Cool the broth then refrigerate for up to 4 days, or freeze for up to 3 months. Reheat gently and add lime before serving.
This Birria Ramen recipe makes perfectly juicy, tender, and flavorful steak every time! Serve with potatoes and a side salad for an unforgettable dinner in under 30 minutes.

Pull apart oyster mushrooms or thinly slice other mushrooms. Heat 2 tablespoons oil in a skillet over medium heat, add thinly sliced 1/4 onion and mushrooms. Sauté 9 to 12 minutes until golden, season lightly with salt and pepper, then set aside.
Remove seeds and veins from 3 guajillo and 1 pasilla or ancho chile. Roughly chop tomato and half an onion; peel 4 garlic cloves. Add chiles, tomato, onion pieces, garlic, and 4 cups vegetable broth to a pot and bring to a simmer.
Add bay leaf, thyme, oregano, cinnamon, brown sugar, vinegar, black pepper and a small pinch of salt. Bring to a boil and maintain a rolling simmer for 17 to 20 minutes to extract flavors from the chiles.
Remove the bay leaf, transfer the hot mixture to a blender, and blend until completely smooth, about 1 minute. Return to the pot and simmer gently for 6 to 8 minutes. Adjust seasoning with salt and pepper.
Return the mushrooms to a hot skillet, pour about 1/4 cup of the birria broth over them, and cook 3 to 4 minutes to let them absorb flavor. Turn off heat and reserve.
Cook ramen noodles according to package instructions in a separate pot, drain, and divide into bowls. Ladle hot birria broth over noodles, top with sautéed mushrooms, chopped cilantro and onion, and squeeze plenty of lime juice before serving.
Last Step: Please leave a rating and comment letting us know how you liked this recipe! This helps our business to thrive and continue providing free, high-quality recipes for you.
Leave a comment & rating below or tag
@delishum on social media!


Thick chocolate chunk brownies crowned with melted mini marshmallows and drenched in glossy chocolate frosting for the ultimate fudgy, crowd-pleasing bite.

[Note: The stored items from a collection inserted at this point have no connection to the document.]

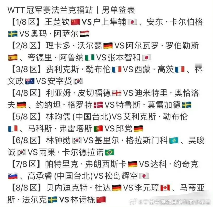 刚刚W TT法兰克福的男单签位表出炉。王楚钦不愧是世界第一,到了机场有专车接送。 想不到抽到的签位也如此的硬,所有的名将几乎全部都集中在上半区,说是死亡半区或者神仙打架,哪一个都不为过 大头首轮将对阵户上隼辅,除此之外张本智和,小勒布伦,莫雷加德,所有能够叫上名的,名将一个不少全部都在。上半区绝对是一场硬仗 下半区的话,小石头一人独守。名将全部都集中在上半区,所以下半区来说相对轻松一些 光看这个签位表就感觉此次收视率必然爆棚,还是那句话,大家一人一句给大头给国乒加油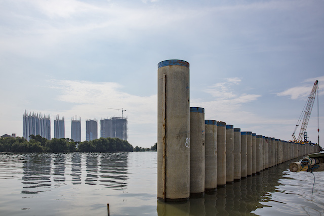 Nel frattempo davanti ad alcune aree della baia si è più semplicemente deciso di costruire una grande barriera con lo scopo di fermare l’acqua. Kimmelman ha scritto che è «quasi-temporanea» e che se l’abbassamento di Giacarta (e il contemporaneo innalzamento delle acque) dovesse continuare con questo passo, «la barriera sarà sott’acqua entro il 2030». E la barriera non copre comunque tutta la costa: Kimmelman ha scritto che ci sono almeno una ventina di posti in cui per fermare l’acqua ci sono solo dei «bassi e fatiscenti blocchi di cemento».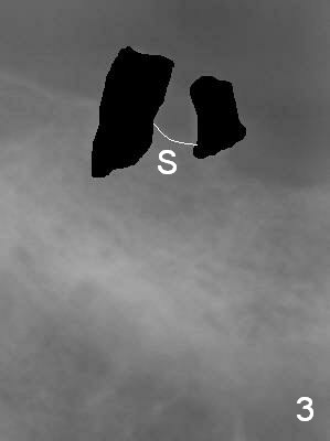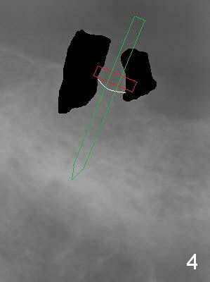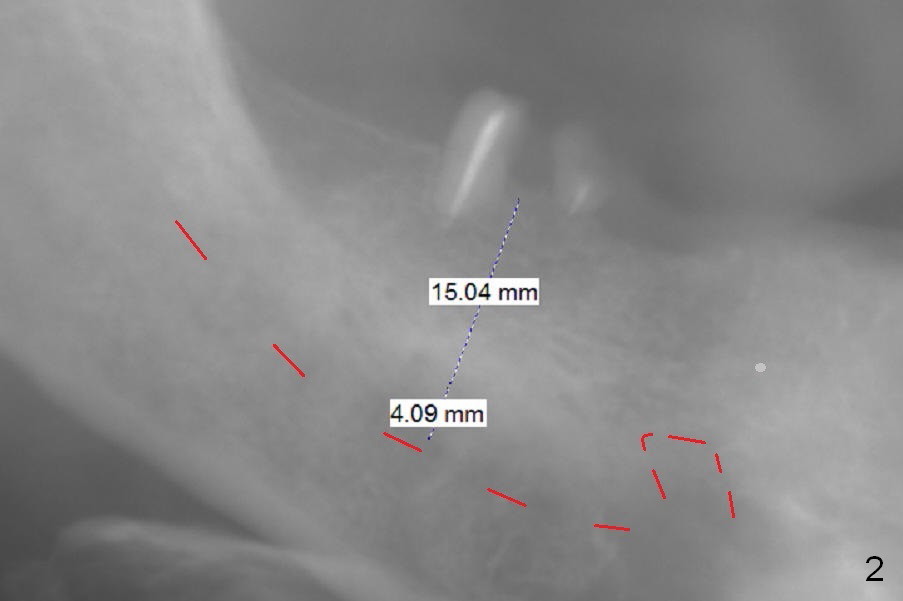 A 72-year-old man will return for #31 immediate implant several months after that at #21 (Fig.1,2). After extraction (no Antibiotic), separation of the gingiva (Fig.1) from the septum (Fig.3 S (white curved line: the upper border of the septum)) and use of starter drill, place the 13 mm stopper (Fig.4 red) in the 2 mm initial drill (green) against the septal top as a reliable landmark for osteotomy.

Buttery shortbread crust meets a lush brown sugar pecan topping. Crunchy, caramelly, and ready with just 10 minutes of prep for effortless indulgence.

Ultra-smooth pumpkin cheesecake with warm spice and a sturdy graham crust. A showstopper on its own, unforgettable with caramel and rum-kissed whipped cream.

Leave a comment & rating below or tag @delishum on social media!
Enjoyed this recipe? Share it with friends and family, and don't forget to leave a review!
This recipe looks amazing! Can't wait to try it.
Comments are stored locally in your browser. Server comments are displayed alongside your local comments.

Join to receive our email series which contains a round-up of some of our quick and easy family favorite recipes.